Used in conjunction with role-playing, the playbook can be a vital tool to optimize sales performance and results. Best of all, with the right pieces in place, you’ll be able to use your sales playbook to both define and refine sales processes based on real-time conditions and results.

Actionable Tips You Can Use Starting NOW

Actionable Tips You Can Use Starting NOW

Back to that key question: Is your sales process effective and efficient? If not, here are 7 steps to getting on the right path:

  1. First, determine where you stand in key sales process and performance areas. You can get started by taking the free Sales Agility Assessment. The SAA can provide insights necessary to develop and implement your best sales process improvement plan.
  2. Let go of what’s not working. Try innovative approaches. Fail faster!
  3. Clearly define, document, and communicate your sales strategy and your sales process, making sure there’s an unmistakable link between the two.
  4. Analyze your sales pipeline in relation to where your sales team dedicates their sales efforts.
  5. Upgrade or make better use of your CRM, making sure meaningful and measurable data that should be in the system actually is entered into the system – as part of your sales process.
  6. Perform role-playing as a regular part of sales meetings.
  7. Begin building and maintaining your Sales Playbook.

Key Takeaways

Here are some essential things to remember for correcting these sales process failures:

  • It’s important to understand the relationship between your Sales Strategy and your Sales Process
  • An effective and efficient sales process is how your sales strategy gets accomplished. In particular, it empowers you to turn a lead into a prospect and a prospect into a customer.
  • The best sales process is customer-focused, well-defined, goal-oriented, clearly communicated, and well-understood within your sales organization. It is measurable, too, with metrics that facilitate ongoing process improvement.
  • When assessing or changing your sales process, it’s important to consider your current sales pipeline and lead nurturing efforts with an eye toward what is currently in your pipeline, at what stage, and the probability-of-closure timeline.
  • Measuring sales performance via Key Performance Indicators, is key to improving your sales process.
  • Sales role-plays can empower salespeople to hone their presentation skills in a safe sales training environment; and can be critical to improving your sales process
  • Along with role-playing, the sales playbook can be vital to optimizing sales performance and results and helping refine sales processes

What’s Next?

Do you know how to repair and optimize your sales process? Download an example of a Sales Process Template.
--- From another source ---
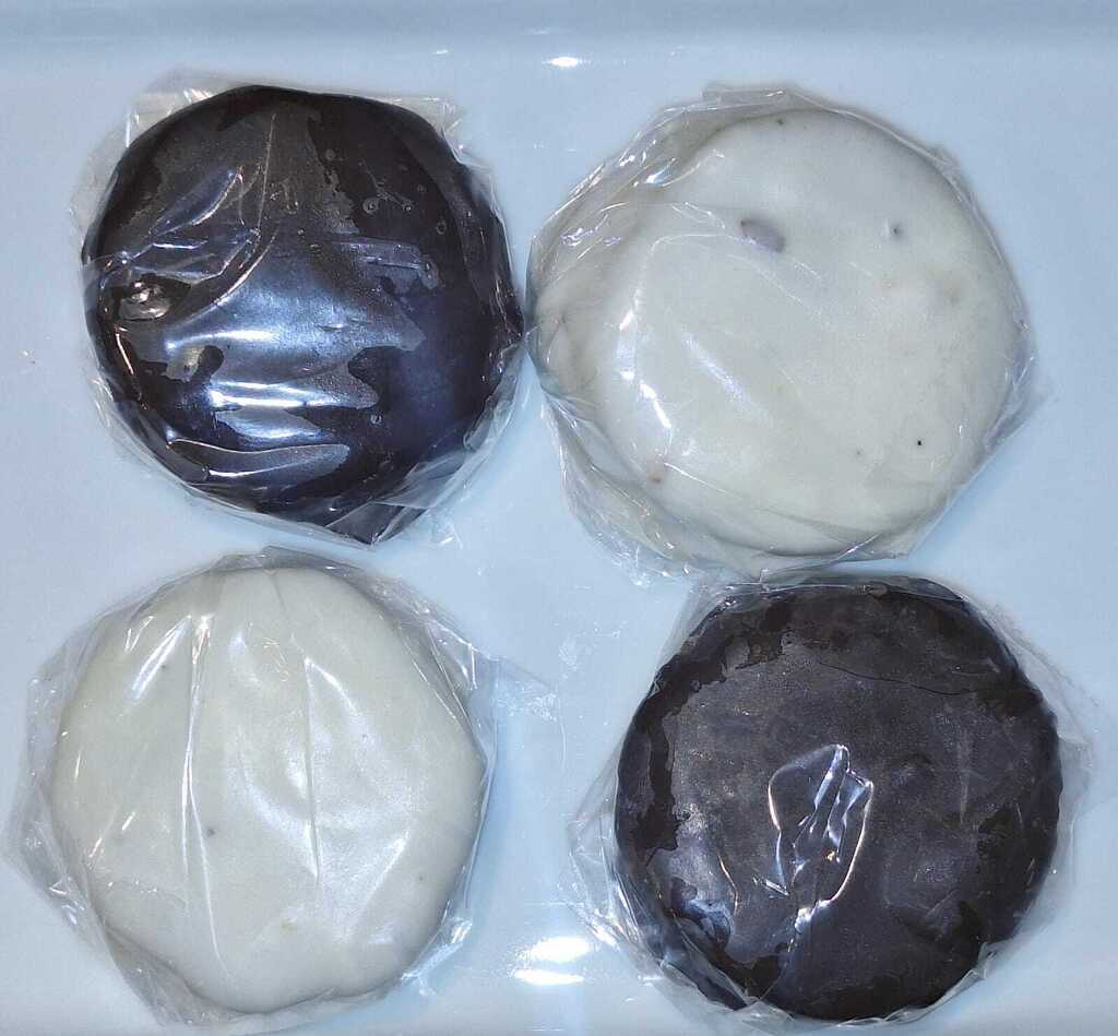 4 unidades de alfajorcitos envueltos individualmente, rellenos de dulce de leche y con cobertura de chocolate negro y blanco.

Overwhelmed and not sure where to start? A licensed Sales Xceleration sales leadership consultant can collaborate with you and for you to make the path to sustainable sales growth quicker and easier. To learn more about our services and how an Outsourced VP of Sales can accelerate your growth, visit our Client Solutions page. To speak with a Sales Xceleration sales leadership expert about your specific needs, reach out to an Advisor today, or contact us at 844.874.7253.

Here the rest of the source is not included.